L’observation patiente de l’évolution des mécanismes de pouvoir au sein de l’UE révèle également à quel point le jeu est grandement faussé par la domination de plus en plus prégnante de l’inter-gouvernementalisme. Ainsi, si la Commission est censée avoir conservé le monopole de l’initiative législative que lui confère la lettre des traités, cette compétence s’exerce surtout au niveau des procédures. De plus en plus, l’impulsion se situe en amont, lorsque le Conseil européen (au niveau des chefs d’Etat et de gouvernement), le Conseil(au niveau des ministres), voire – mais plus rarement – le Parlement européen, « invitent » la Commission à prendre telle ou telle initiative. Au risque de lasser les lecteurs coutumiers de ma prose, je réitère une « parabole maritime » à laquelle je recours volontiers: les Etats membres tiennent fermement la barre, la Commission fait office de boussole et le Parlement scrute l’horizon avec une vocation de vigie.

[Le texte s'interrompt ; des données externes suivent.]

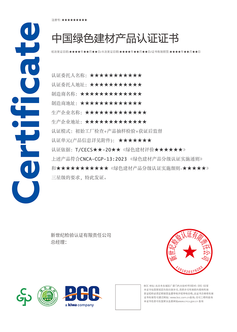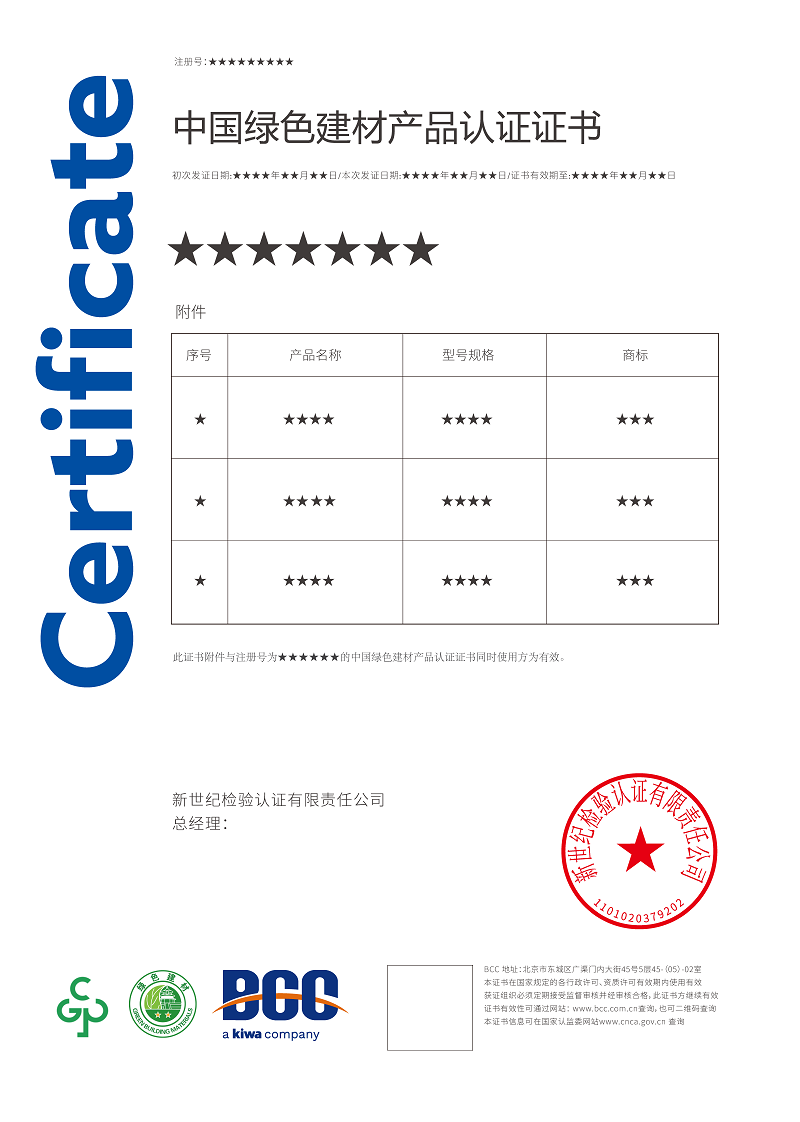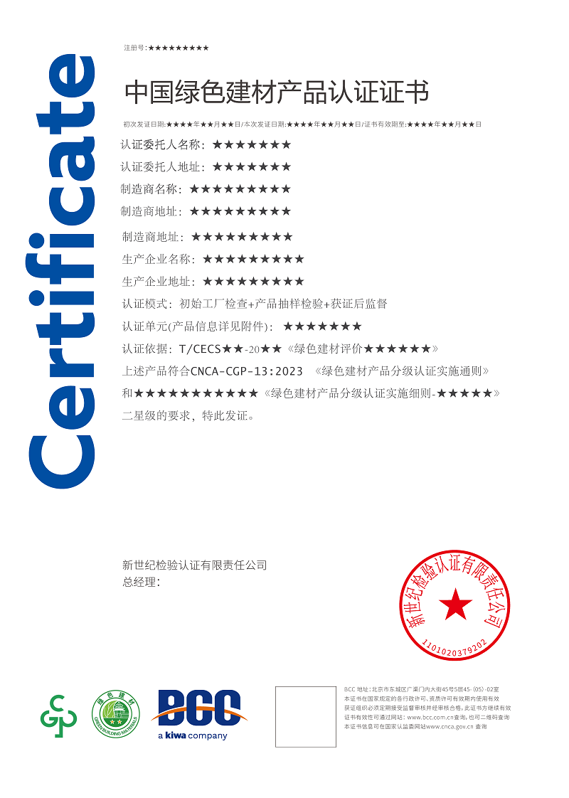 綠色建材產(chǎn)品分級認(rèn)證按照中國工程建設(shè)標(biāo)準(zhǔn)化協(xié)會發(fā)布的《綠色建材評價標(biāo)準(zhǔn)的要求》,將認(rèn)證結(jié)果由低至高分為一星級、二星級和三星級。

Cela étant précisé, je partage assez largement vos préoccupations… en attendant, je l’espère, de pouvoir poursuivre avec vous un dialogue constructif.

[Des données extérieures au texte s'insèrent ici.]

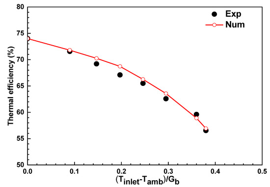 Variation of numerical and experimental PTC thermal efficiency from [26,27].

Je suis française et je vis à Rome depuis très longemps. Je suis moi aussi soulagée et j’apprécie l’article de Sébastien Poupon. Le paragraphe final me semble le plus important : attention, Salvini est juste derrière le coin de la rue et l’aide de l’Europe sera déterminante pour éviter son retour en force, la question migratoire est essentielle, les Italiens sont désemparés et apeurés, ils ont connu l’émigration, mais dans l’autre sens et se sentent envahis. Que ce fait soit réel ou non est indifférent, ce qui compte c’est comme il est perçu. Ils sont aussi déçus de l’Europe, depuis longtemps, et n’ont pas encore digéré le passage à l’Euro, qui a provoqué dans bien des secteurs un quasi doublement des prix favorisé par le change de 1.936,27, presque 2.000 lires pour un euro. Des élections aboutiraient presque certainement au retour de l’extreme-droite, renforcée.

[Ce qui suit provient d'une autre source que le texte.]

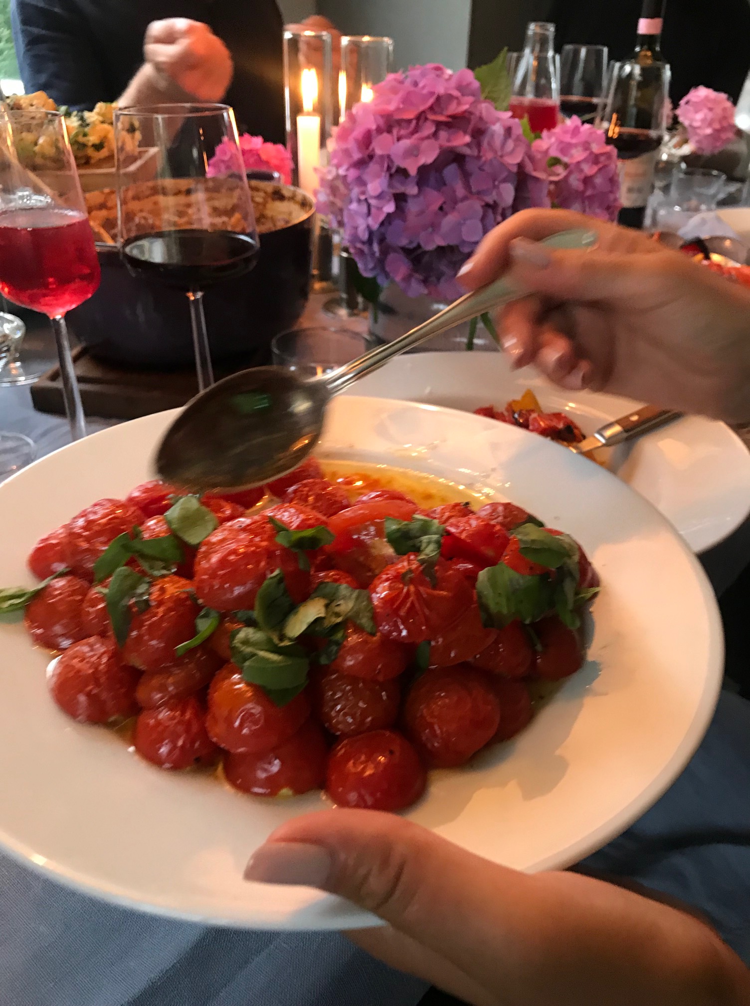 Till Bolognesen serverade vi ugnsbakade tomater, paprika i ugn, gremolata och focaccia.

Parmi vos observations fort pertinentes, je relève un point fondamental: « Que ce fait soit réel ou non est indifférent, ce qui compte c’est comme il est perçu ».
Voilà qui pourrait faire écho à la remarque formulée par Dominique Moîsi dans son récent ouvrage consacré à l’Europe sous le titre « Leçons de lumières » (Editions de l’Observatoire, 103 pages). Je cite donc (comme je l’ai déjà fait dans un commentaire antérieur remontant au 1er août) cet extrait des pages 52-53:
« Les informations météo peuvent nous aider à comprendre [une] réalité psychologique et émotionnelle. Elles distinguent de plus en plus aujourd’hui la température ressentie de la température réelle, la première étant une version contrastée de la seconde. Ce concept de ressenti ne s’applique pas seulement à la température, mais aux évolutions économiques, sociales et même politiques ».
Ne serait-ce pas une manière d’expliquer bien des malentendus (terme que l’on pourrait scinder en deux: « mal entendu ») au sujet de la construction européenne?